Public curiosity and concerns about the role of paper money have manifested in online activity. The number of Internet searches referencing both “cash” and “virus” is at record highs, according to the BIS report.

The United States, along with Australia, France, Singapore, Switzerland, Ireland, the United Kingdom, Canada, Jamaica and Kenya have had the highest recent search interest.

Some nations have taken steps to reduce the amount of physical contact consumers must make at the point of sale. Financial authorities, banks and card networks in Austria, Germany, Hungary, Ireland, the Netherlands, the United Kingdom and elsewhere are making more transactions eligible for contactless payments, according to BIS researchers. Contactless card payments, which have been rising sharply in European and Asian countries over the past few years, don’t require entering a PIN for small transactions.

In the United States, the payments industry has spotted an “accelerated shift away from cash” and a “trend towards contactless payments,” ETA CEO Jodie Kelley told CQ Roll Call.

She pointed to a survey by the association that found 27% of small businesses that accept contactless payments — meaning payments by mobile phone apps such as Apple Pay or contactless debit or credit cards — saw increases in their use after the start of the COVID-19 pandemic. The survey of merchants was conducted between March 27 and March 30.

A widespread move towards a contactless, cashless payments system raises some concerns, however, about the impact on lower-income consumers, often members of minority groups who do not have access to mobile payment capabilities or credit and debit cards.

“A realistic assessment of the risks of transmission through cash is particularly important because there could be distributional consequences of any move away from cash,” the BIS reports cautions. “If cash is not generally accepted as a means of payment, this could open a ‘payments divide’ between those with access to digital payments and those without.
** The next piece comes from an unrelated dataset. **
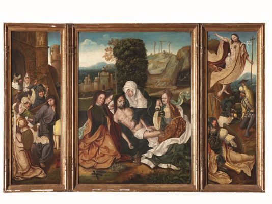 Иной аспект истории нидерландского искусства XVI века, так называемый «антверпенский маньеризм», представлен триптихом «Оплакивание Христа», исполненным предположительно Мастером Поклонения из собрания фон Грооте, и одноименной композицией кисти также анонимного художника из Брюгге, именуемого Мастером Святой Крови. А «Веселое общество» мастерской Яна Массейса – показательный образец самостоятельного бытового жанра.

This in turn could have an especially severe impact on unbanked and older consumers.”

Kelley acknowledged the concerns, noting that there are 55 million unbanked or underbanked consumers in the U.S. But she said the payments technology industry is committed to bringing digital payments and other financial services to underserved consumers, citing efforts by companies such as Amazon and PayPal.

She said the move toward contactless payments will outlive the current health crisis and become a permanent fixture in the payments ecosystem. “As consumers increasingly use contactless forms of payment, we think they’ll find the user experience to be positive, and we’ll see contactless take off in this country,” she said.

©2020 CQ-Roll Call, Inc., Distributed by Tribune Content Agency, LLC.